Your duties like the ticking clock are circular, unchanging. Yet, the attendant responsibilities and psychological ramifications of care make you want to curl up in a ball and whimper. You need help:
Is this the rest of my life? When the thought makes you want to breathe into a paper bag – remind yourself that it is not. This phase will play itself out. For now, your job is to put one foot in front of another and not let your mind leap into a past romanticised with memory or a future tricky and fog-shaped. Dispense that medicine. Change that diaper. Feed that mouth and wipe those lips. That is what matters now, and it matters immensely. It allows a person to live out this last stage of their life with a few breaths of grace.
SELF-CARE IS NOT BEING SELFISH
The elderly are fragile. They break easily. You cannot handle them with a shaky hand or a disturbed mind. So, don’t minimise your problems and do take care of your health.
Annika, in my book The Slow Disappearing, admits:
“There are times when I have a headache or it burns when I pee or I have a cold I cannot shake, and I’m fully aware how petty that is, for what is a cold when one is losing words or losing one’s foothold on one’s surroundings? And that is when I detest the sound of her phlegmy cough, the overdrawn drama, the canned revelry of game shows on television, and her passive-aggressive silences.”

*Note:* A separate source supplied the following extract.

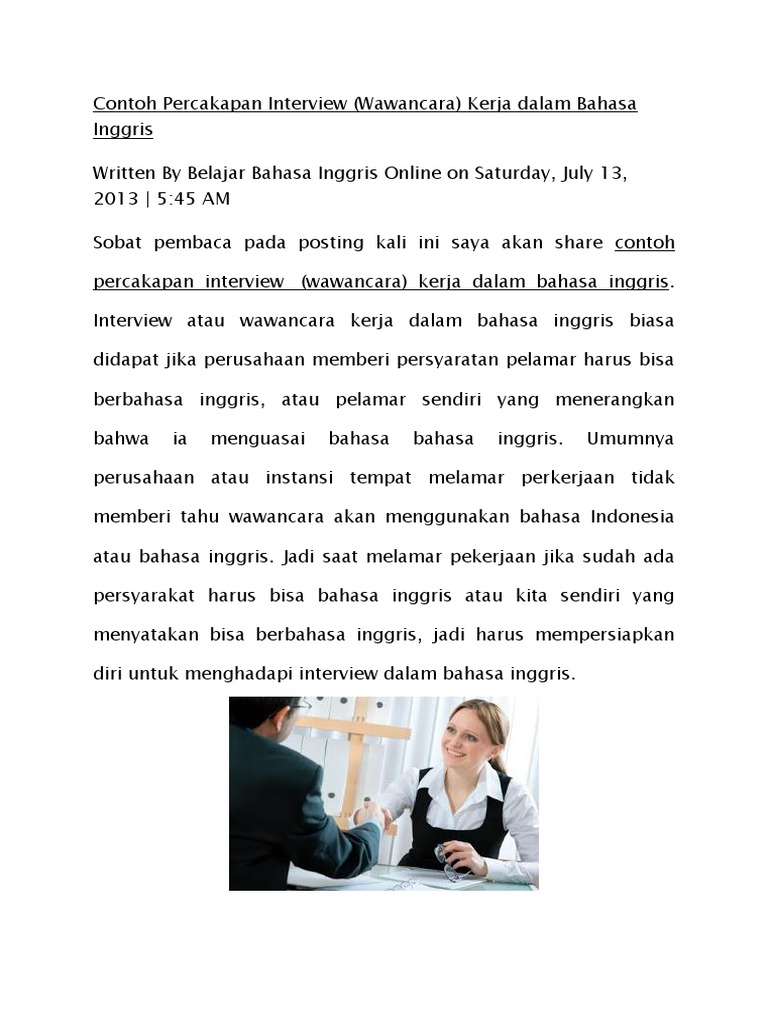 Contoh Interview Kerja Bahasa Inggris Tips Gobel Pdf

Seek advice from your doctor if you are unwell, allow your kindly neighbour to pamper you, look into community resources available for the elderly – a day trip to the temple with their peers, arranged by a Senior Citizen Welfare group can be wonderful for their spirits and yours. Take that time to slip away to the mountains, if not physically – by way of a song, a walk in the park, a steamy read.
FORGET SOCIAL MEDIA
Forget social media or at least look at the kaleidoscopic shapes of social media objectively. Facebook is a moment shaken out of time. It’s a touch of instant glamour, like that new shade of burgundy lipstick you bought for special occasions. Don’t let it fill you with envy or resentment.

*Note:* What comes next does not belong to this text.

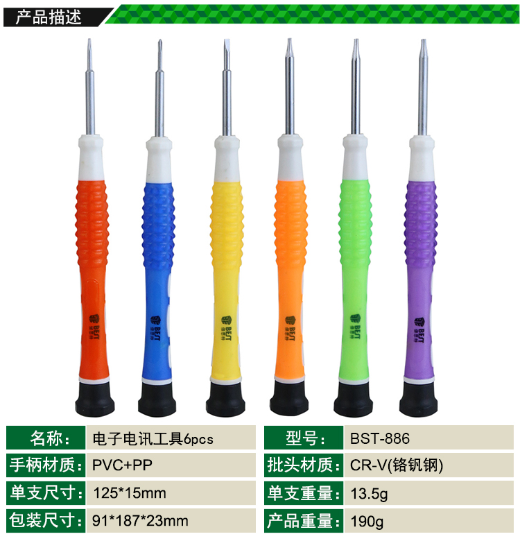返回當(dāng)前位置: 首頁 / 產(chǎn)品中心 / BST-886 電子電訊工具6pcs 螺絲套批 螺絲刀套裝

Life is messy. Other people are not floating in a rosy parallel, above-the-grime world unexposed to disinfectants and deranged rants. Every image you see is someone auditioning for an imagined life.
SEE AND TOUCH
In this day of over-verbalisation, platitudes are worn thin with overuse. We love you, we care about you, we hope you are well… is all very well. But know that if you wash and brush the hair of the ones under your care; if you clip their toe-nails; if you really look into their storied eyes, and see them for who they are – the murtis of hope, compassion, forgiveness, and despair and countless other stories – you will become their Tulsidas and their Tagore. Your touch will heal.

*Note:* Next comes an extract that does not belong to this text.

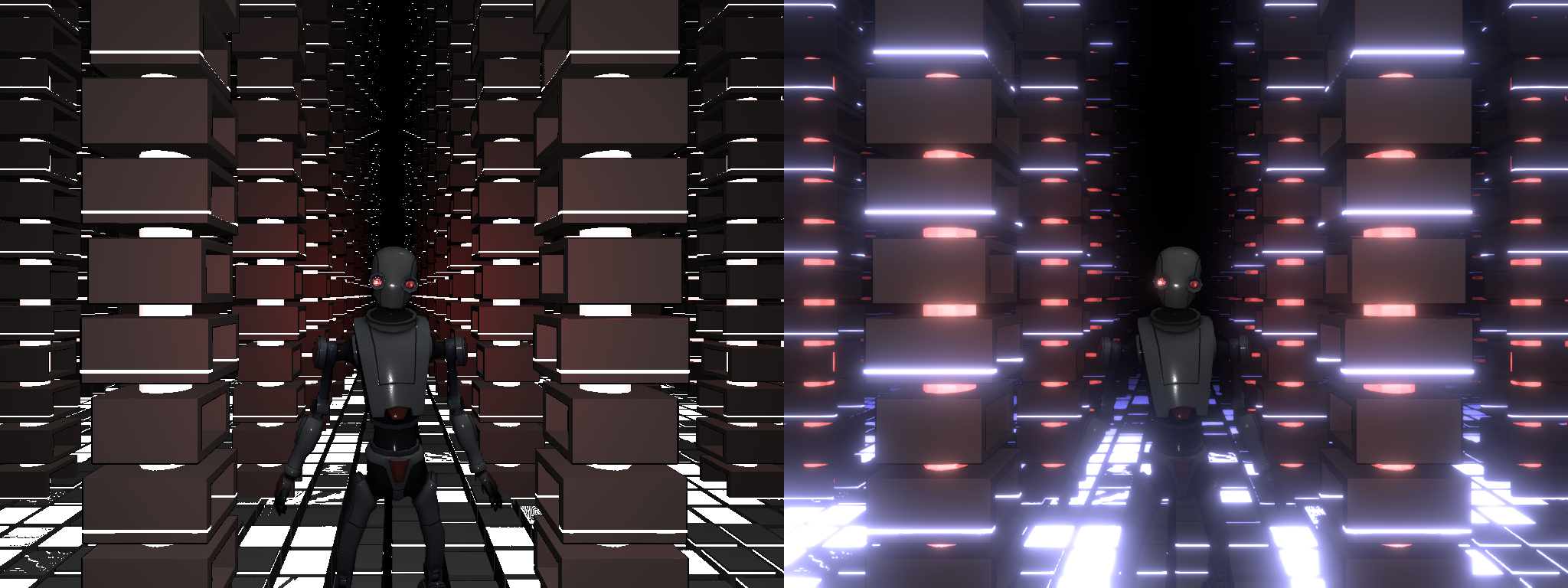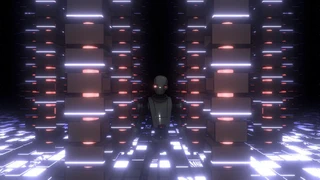 「レイマーチングで動的に生成したモデル」と「ポリゴンメッシュのモデル」を混在させた作品です。 ロボットは通常の3Dモデルですが、床や柱のモデルはレイマーチングでプロシージャルに生成しました。

And when you realise that the opaque membrane between youth and ageing is thinning daily, you will know empathy – that care-shaped emoji at the end of the sentence.
GIVE AND TAKE
As a child, you might have read the story of The Giving Tree. How it shelters and nurtures a boy, with every portion of its being – The trunk, the branches, the fruit, the leaves – à votre service, up until the end, when it shrivels to a stump. The tree gives. The child takes.
I like to akin the elderly to the forest trees: sheltering, nurturing until they shrivel to unrecognisable stumps. Perhaps we can change the ending to that story: The tree gives. The child gives back.
Poonam Chawla is the author of The Slow Disappearing.